Institute of Environmental Medicine, Tongji Medical College, Huazhong University of Science and Technology, 430030 Wuhan, PR China.
Biosens Bioelectron. 2011 Nov 15;29(1):115-8. doi: 10.1016/j.bios.2011.08.003. Epub 2011 Aug 6.
Detection of analytes in complex biological samples, such as milk and blood, normally requires sample pretreatment. These pretreatment regimes reduce assay throughput and increase testing costs. Technologies that make it possible to eliminate sample pretreatment are of great industrial interest. Here we report the development of a dual-signal flow injected analysis device which eliminates the need for sample pretreatment. The device employs thermal traducers to measure the signal from an enzyme and a reference column. This makes it possible to independently monitor and correct for non-specifically generated heat, thereby eliminating the need for sample pretreatment. The ability of the dual-signal device to determine urea and lactate in milk samples without any prior treatment was evaluated. The spiked milk samples, the urea assay had a linear range from 0.1 to 50mM (R=0.996), and the lactate assay had a linear range from 0.025 to 5.0mM (R=0.9998). The linear regression values for urea and lactate for 0.5%, 1.5% and 3.0% fat milk were at least 0.990. The dual-signal design improves assay reproducibility, accuracy and sensitivity. Addition benefits are shorter assay times and lowers costs, as well as reducing equipment and training requirements. The potential application of the technology for multi-analyte analysis in point of care and decentralized diagnostic testing in healthcare, agriculture and environmental areas is discussed.

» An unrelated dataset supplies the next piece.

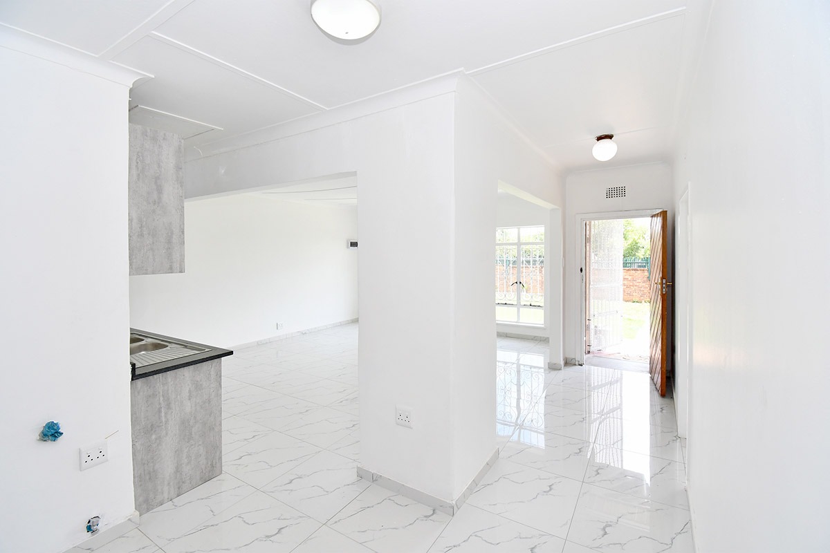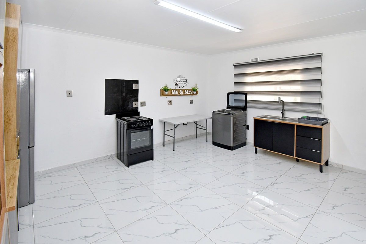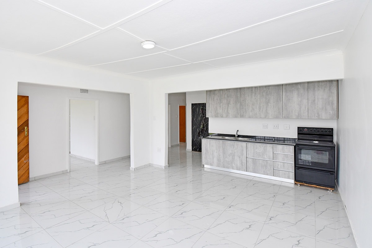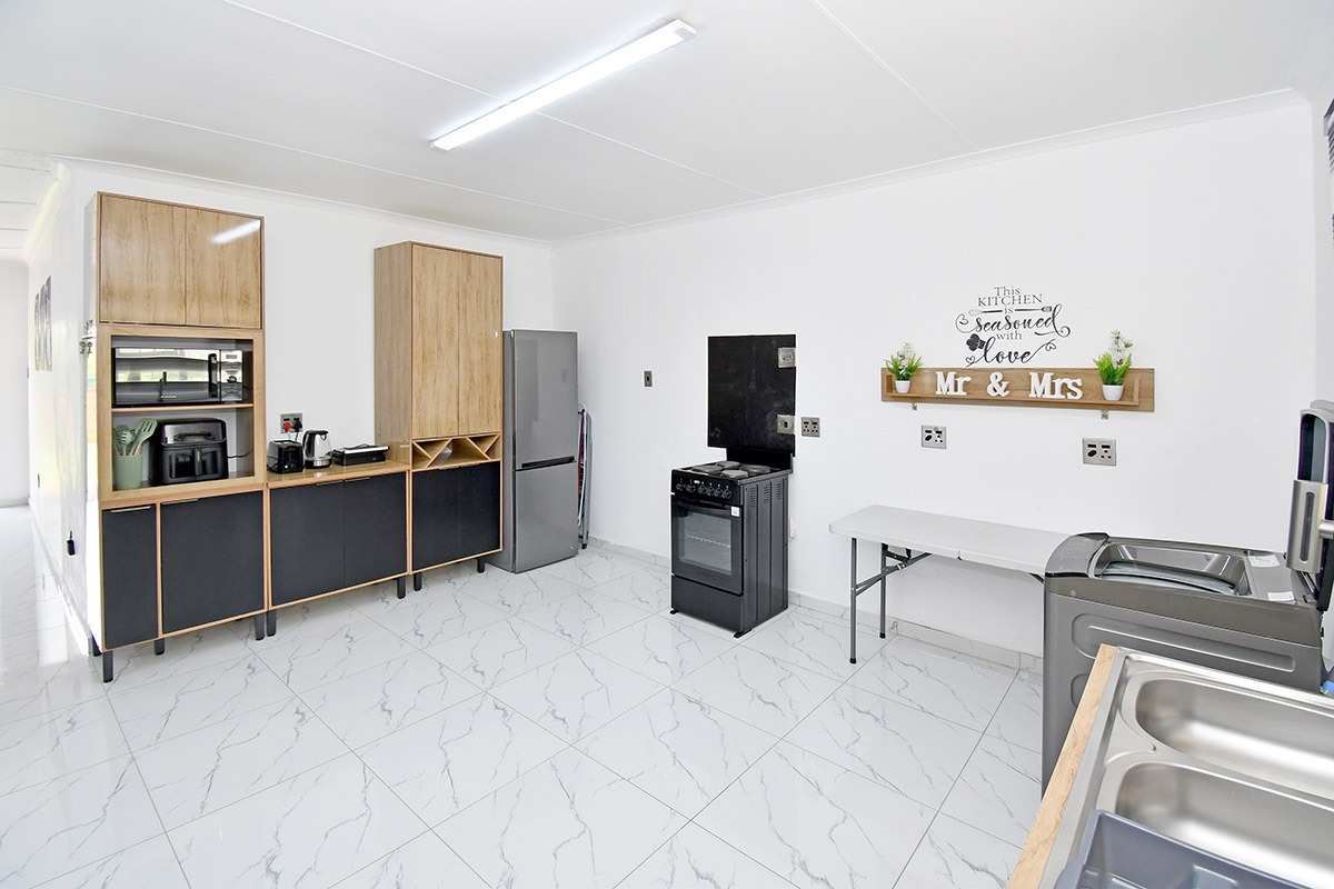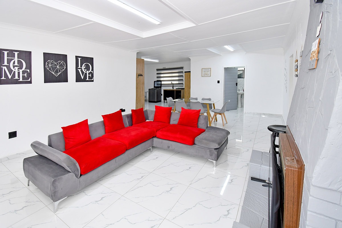 This home offers a contemporary living experience with its bright, open-plan design. The interior boasts clean white walls and modern marble-look tiled flooring throughout, creating a fresh and inviting atmosphere. The property features two comfortable lounges and a dedicated dining room, providing ample space for relaxation and entertaining. Unique to this home are two distinct kitchen areas, offering flexibility and convenience for various culinary needs, equipped with essential freestanding appliances. A decorative fireplace feature adds a touch of character to the main living space.

在复杂的生物样本(如牛奶和血液)中分析物的检测通常需要样品预处理。这些预处理方案降低了检测通量并增加了检测成本。能够消除样品预处理的技术具有巨大的工业价值。在这里,我们报告了一种双信号流动注射分析装置的开发,该装置消除了对样品预处理的需求。该装置采用热传感器来测量酶和参比柱的信号。这使得能够独立监测和校正非特异性产生的热,从而消除了对样品预处理的需求。评估了该双信号装置在无需任何预处理的情况下测定牛奶样品中尿素和乳酸的能力。对于加标牛奶样品,尿素测定的线性范围为 0.1 至 50mM(R=0.996),乳酸测定的线性范围为 0.025 至 5.0mM(R=0.9998)。0.5%、1.5%和 3.0%脂肪牛奶的尿素和乳酸的线性回归值至少为 0.990。双信号设计提高了测定的重现性、准确性和灵敏度。此外,还具有缩短测定时间、降低成本以及减少设备和培训需求的优点。讨论了该技术在医疗保健、农业和环境领域中用于即时护理和分散式诊断测试的多分析物分析的潜在应用。